7 Data Platform Misconceptions 

There is a lot of confusion around how best for marketers to leverage their first-party data, especially when it comes to technology. In a recent study conducted by Merkle and MarTech reports that 44% of marketers place themselves at a “basic” level of audience management maturity, in spite of having invested in multiple tools to manage their data. So it seems a primer is in order to help differentiate data technologies and clear up some common misconceptions.

It might be helpful to begin by defining the various types of data categories:

First-party data: This is the most valuable type of data because first-party data is the information you yourself have collected through a direct relationship with your audience. It includes behaviors, actions or interests collected on your website or app. It can also include non-online information such as completed surveys, customer feedback, and other customer information stored in your CRM database.

Second-party data: Data collected by a partner, often referred to as publisher data. It comes from a source other than your own audience. It could include data from many of the same sources first party data comes from, such as website and app behaviors, social media, and customer surveys.

Third-party data: Third-party data is usually provided by companies, also known as data aggregators, that are not the original collectors. This includes data aggregators that pull it from various other platforms and websites where it was generated. These aggregators pay publishers and other data owners for their first-party data.

Misconception 1: A CRM is all a marketer needs.

CRMs are designed primarily as sales tools, while Customer Data Platforms (CDPs) are built with marketers in mind.
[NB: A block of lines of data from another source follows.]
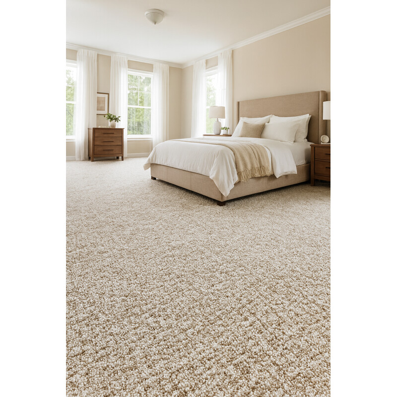 Moderní metrážový koberec z kolekce Dalesman v béžové, provedení. Koberec se hodí do středně namáhaných bytových prostorů a díky světlejší barvě není na koberci hned vidět každé smítko. Koberec je možné bez problémů položit na podlahové vytápění.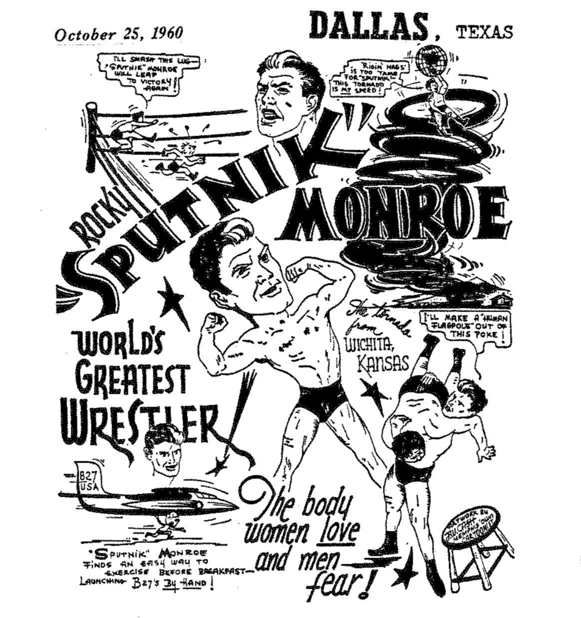 Dallas, 25 October 1950. A cartoon broadside with a grinning heel in a tornado, speech bubbles everywhere and, across the bottom in bigger type than the opponents, the catchphrase. The act sold in Memphis. It sold in Texas. It sold wherever the aeroplane took him. If you’re a novelty, you don’t get the poster’s bottom strip to yourself.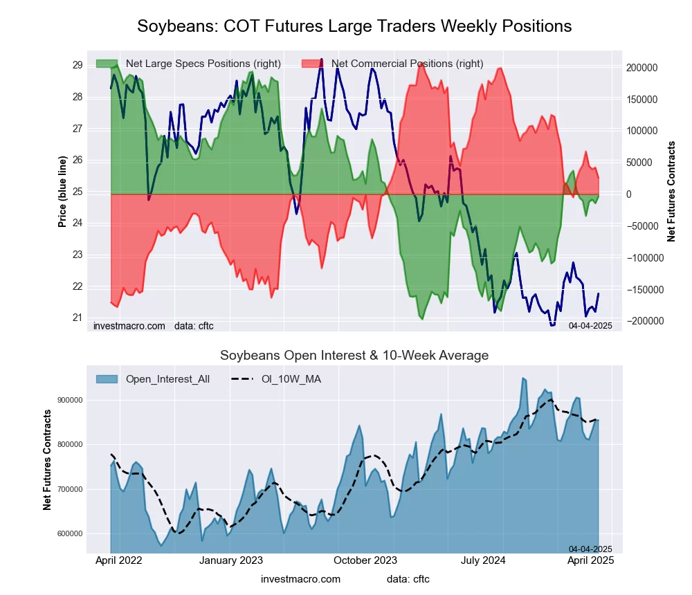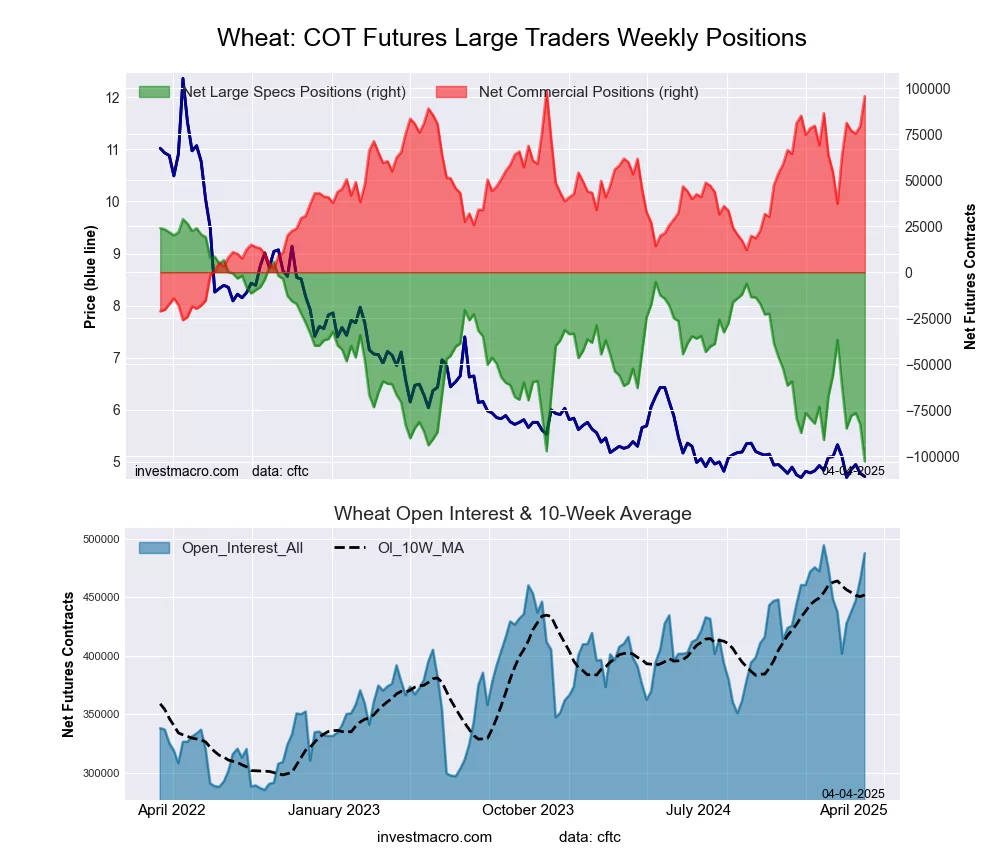 The latest COT data is updated through Tuesday April 1st and shows a quick view of how large traders (for-profit speculators and commercial entities) were positioned in the futures markets.

By automatically centralizing data from your website, email system, point of sale, and more, you get a full picture of your users throughout the entire multi-touch buying journey. Even better, you can then use behavioral data to optimize campaign performance

The goal of a CDP is to manage and understand all customer data to make high-level business decisions. CDPs do this by gathering data from every customer touchpoint – everything from ads to website traffic, to points of transaction, to in-product user behavior – in one place. This data is then used to produce a single view of the customer through a process called identity resolution or authentication. Marketers can use this unified view of the customer to understand which tactics are effective or to personalize things like drip email campaign messaging. Sales can also leverage CDP data to run highly personalized account-based selling. Read More: CRM vs CDP

Misconception 2: CDPs, Data Warehouses, and Data Lakes do the same thing.

Data lakes and data warehouses are both widely used for storing big data, but they are not interchangeable terms. A data lake is comprised of raw data, the purpose for which is not yet defined. A data warehouse is a repository for structured, filtered data that has already been processed for a specific purpose.
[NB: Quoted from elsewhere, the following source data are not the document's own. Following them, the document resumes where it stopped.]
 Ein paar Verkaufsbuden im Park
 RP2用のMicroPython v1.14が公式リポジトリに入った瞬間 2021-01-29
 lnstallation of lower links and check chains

Data Warehouse: A data warehouse is an environment that pulls together data from different sources for reporting and analysis purposes. The reports are often used to make business decisions. A data warehouse stores processed and refined data according to the business logic. This means that you need to prepare the data by cleansing, transforming, and aggregating it before using it for analytical purposes. 
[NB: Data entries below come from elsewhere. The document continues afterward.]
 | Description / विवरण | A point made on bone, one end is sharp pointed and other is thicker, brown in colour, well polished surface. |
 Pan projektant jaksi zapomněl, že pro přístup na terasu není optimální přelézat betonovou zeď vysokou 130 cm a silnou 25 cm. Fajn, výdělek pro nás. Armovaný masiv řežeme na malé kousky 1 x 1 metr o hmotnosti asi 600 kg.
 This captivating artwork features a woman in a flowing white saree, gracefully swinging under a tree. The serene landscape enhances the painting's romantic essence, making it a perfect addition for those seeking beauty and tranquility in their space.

Data Lake: A data lake is a system that stores data in its raw format. Basically, you can store your data as-is, without having to first structure it. Data stored in the data lake can be in structured, semi-structured or unstructured format. You can import this data to your data warehouse for adding more business value to it, or you can use that data in dashboards and visualizations directly from the data lake. Beware that the direct visualization of data from the data lake can be risky, as data is not cleaned and it might contain corrupt or duplicate records, for example, that might affect the final figures quite a lot. By using a data lake you are building a strong data foundation for better decisions and a single source of truth.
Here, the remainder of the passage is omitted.